Revolving Doors and Robot Appraisers
Why do banks hire former regulators? There is a popular view that they do it to reward the regulators for being nice to them: If regulators know that, after a few years of regulating, they can leave for a cushy job in the private sector, they are more likely to be lenient in their regulation. But this view is wrong. It is wrong as a description of what regulators do. We talked several years ago about a New York Fed report finding "a positive association between the intensity of strict actions over time and across states and the net inflows into the regulatory sector": Strict regulation increases the demand for ex-regulators in the private sector, so a purely self-interested regulator should want to regulate strictly in order to maximize her chances of getting paid later.

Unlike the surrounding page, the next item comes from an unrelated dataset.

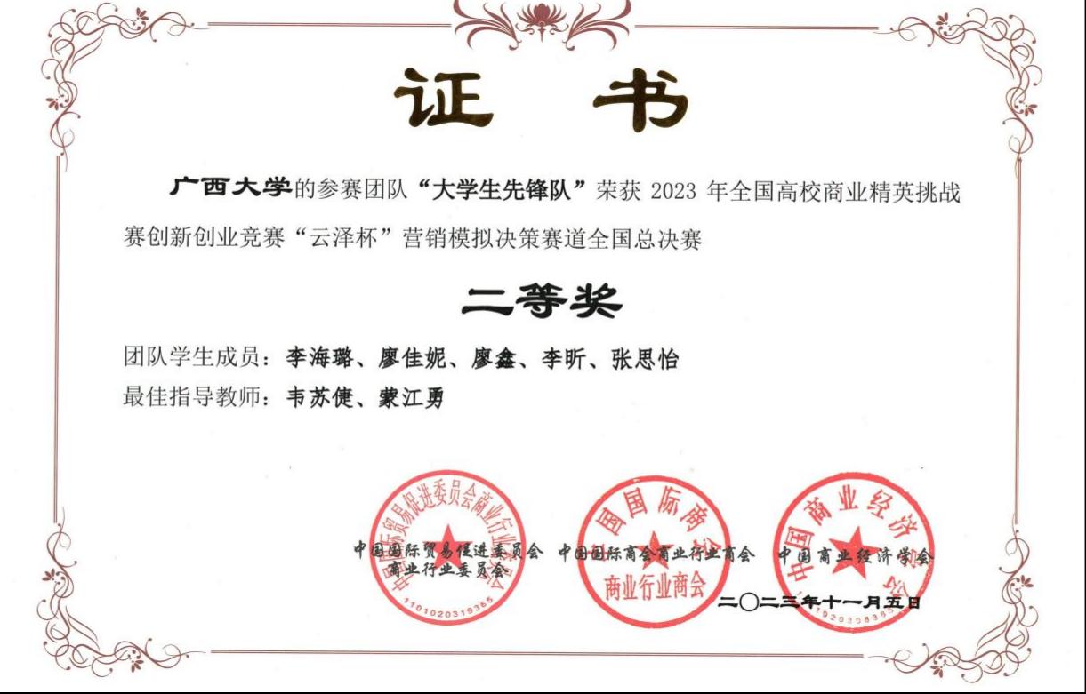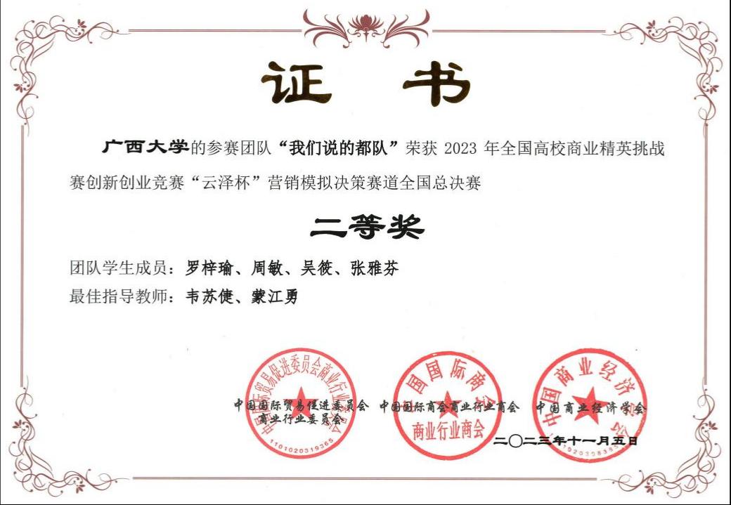 近日,2023年全国高校商业精英挑战赛创新创业竞赛“云泽杯”营销模拟决策赛道全国总决赛落下帷幕。该赛项从校赛到全国总决赛共计2000多支队伍参赛,在全国预选赛中,91黑料

It is apparently also wrong as a description of what banks do. Here (via Tyler Cowen) is a paper (free version here) by Sophie Shive and Margaret Forster of Notre Dame, who "investigate the motivations and effects of financial firms' hiring of former U.S. financial regulatory employees":
We seek to understand how ex-regulators might add value to financial firms. A first possibility is that the ex-regulator is hired for his or her social connections in order to obtain preferential treatment from the regulatory agency (the “quid pro quo” hypothesis). In this case, we might expect to see the firm take on higher levels of risk subsequent to the hire, especially for hires of executives with experience at prudential regulators, who focus most of their supervision efforts on risk levels. The ex-regulator could also be hired as a reward for past preferential treatment. In that case, we would expect higher levels of risk, especially in a period prior to hire, but perhaps continually, if the firm sequentially targets new employees of the regulator. An alternative hypothesis is that ex-regulators are hired for their expertise (the “regulatory schooling” hypothesis), perhaps after receiving regulatory pressure to manage risk. Under this hypothesis, we might expect high levels of risk prior to hire and a decrease in the level of risk subsequent to hire, along with additional indications that the firm is making efforts to decrease risk.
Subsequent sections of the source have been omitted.